Discussion in 'NOD32 version 2 Forum' started by omegac, Dec 2, 2006.

Thread Status:
Not open for further replies.
  1. omegac

    omegac Registered Member

    Joined:
    Dec 2, 2006
    Posts:
    7
    I have NOD32, and today got infected by Zlob, I keep AMON and IMON on all the time, so can't see how this happened. My database is 1897 (20061201).

    Even after I was infected, I scanned with NOD and it didn't find anything, I ran Spybot which found and identified it but didn't remove it, so I bought Webroot's Spy Sweeper which detected it.
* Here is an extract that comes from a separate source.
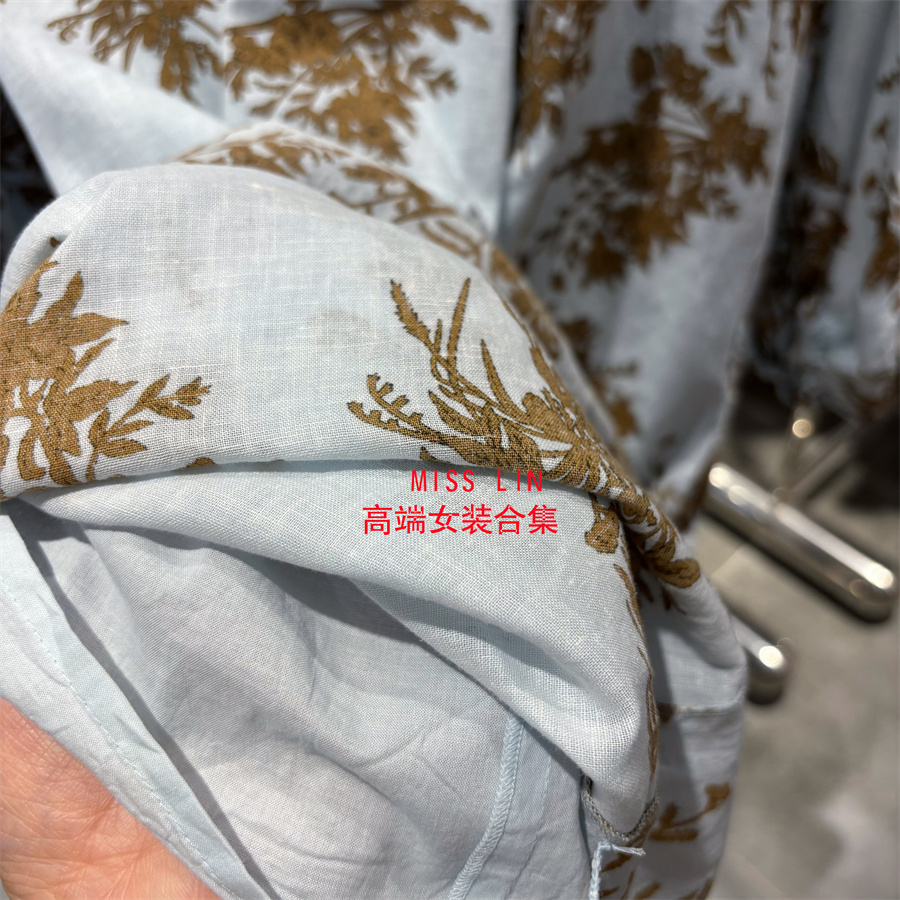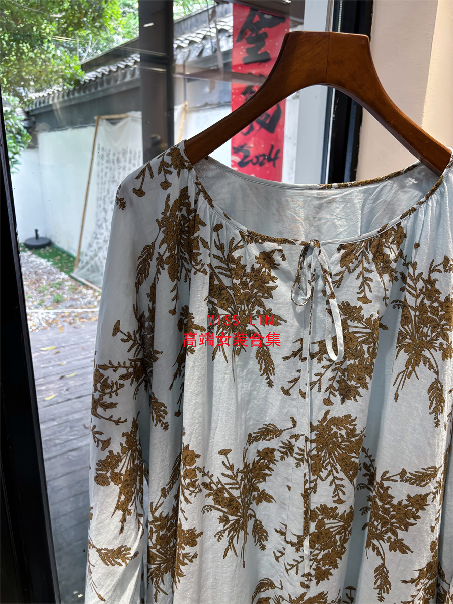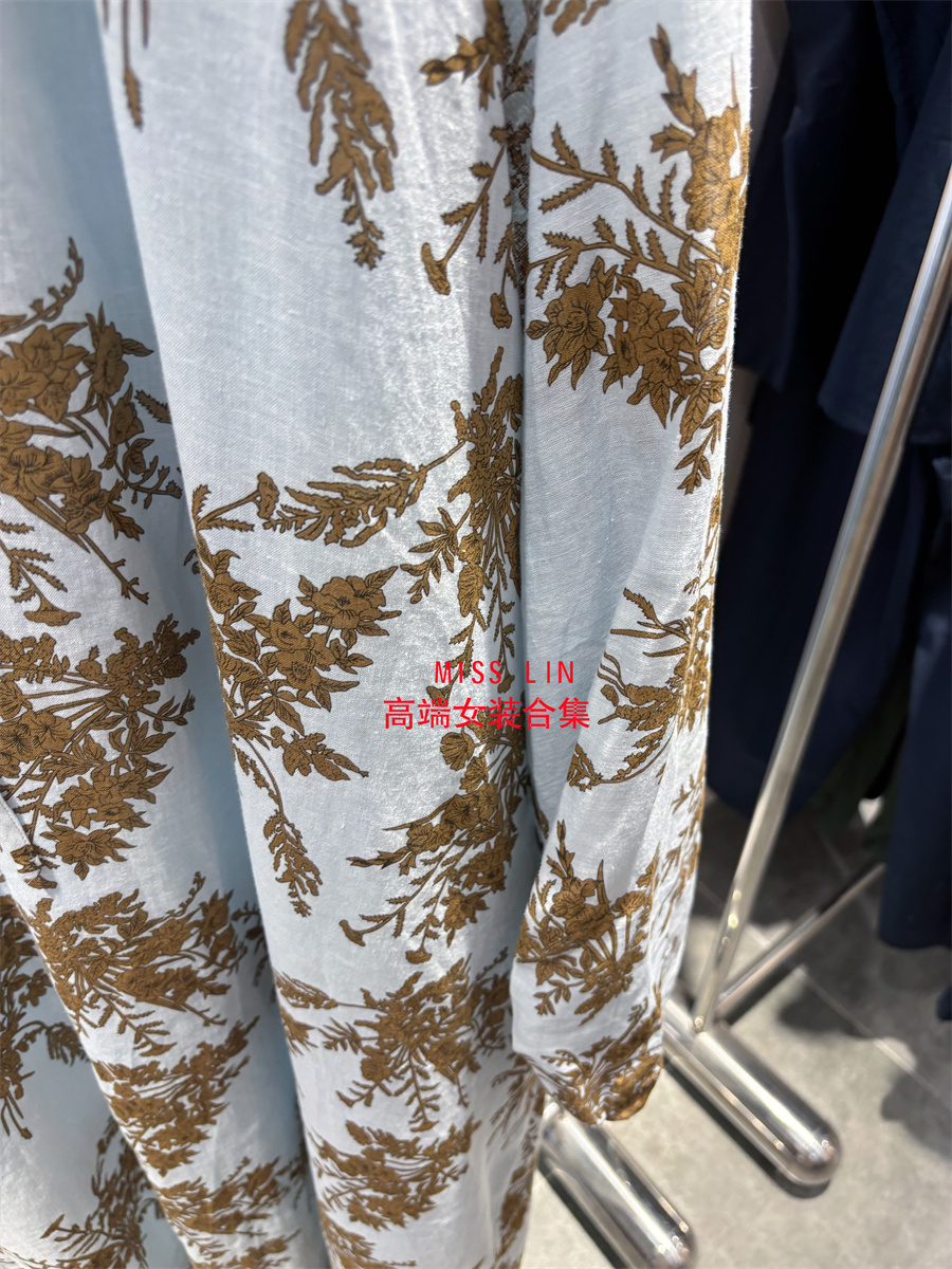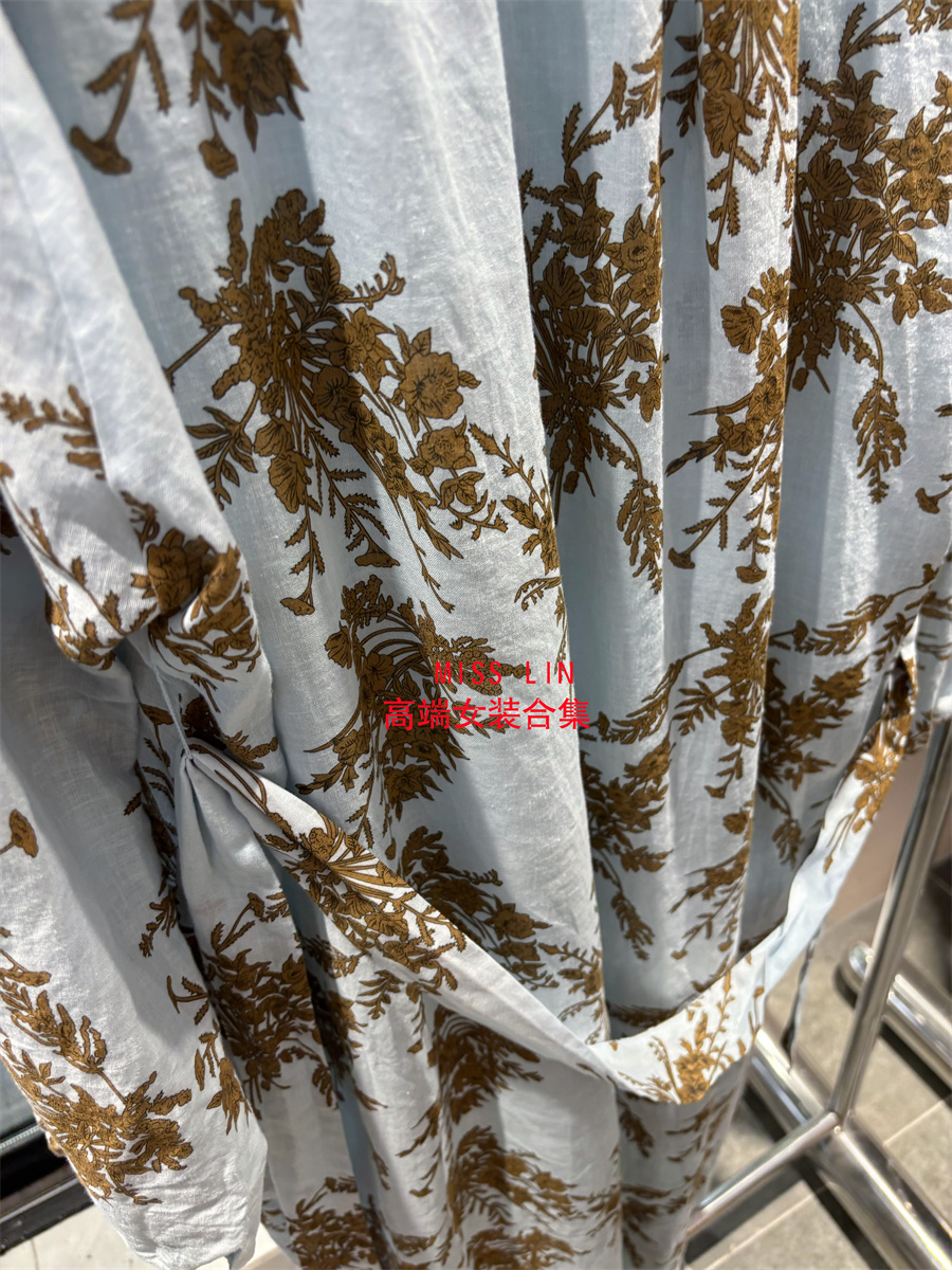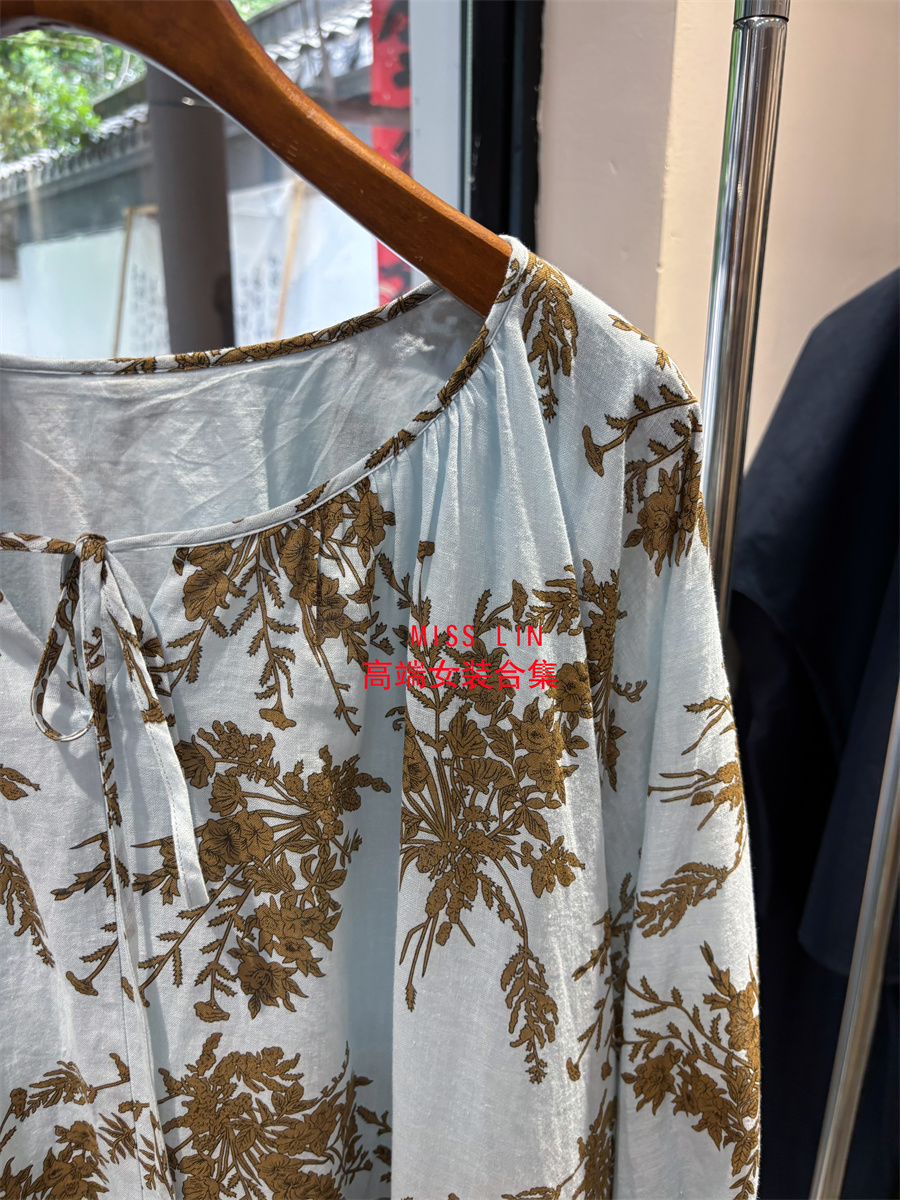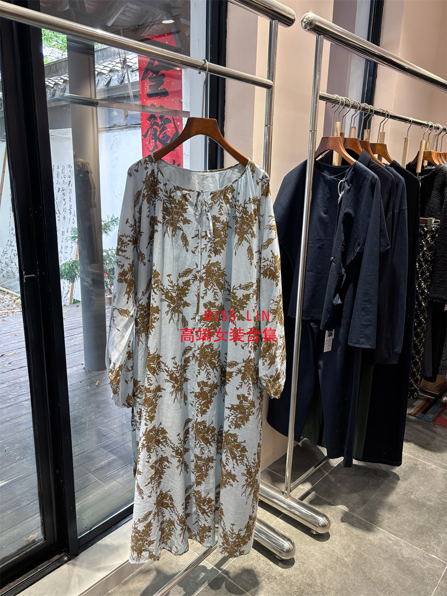 Spring Is Dawning. Designed with a V-Neck, Linen-Cotton Printed Long-Sleeved Loose Dress, Holiday-Style Long Dress

    I am really confused as to how this got in, can anyone advise me what I may need to tweak, as NOD seems to function fine for the vast majority of cases, detecting virus in e-mails and on websites.

    TIA
     
  2. Marcos

    Marcos Eset Staff Account

    Joined:
    Nov 22, 2002
    Posts:
    14,374
    Make sure you have the HTTP scanner enabled in IMON. By using cracks you account for getting infected.
     
  3. omegac

    omegac Registered Member

    Joined:
    Dec 2, 2006
    Posts:
    7
    I have "enable HTTP checking" ticked.....Is this ok?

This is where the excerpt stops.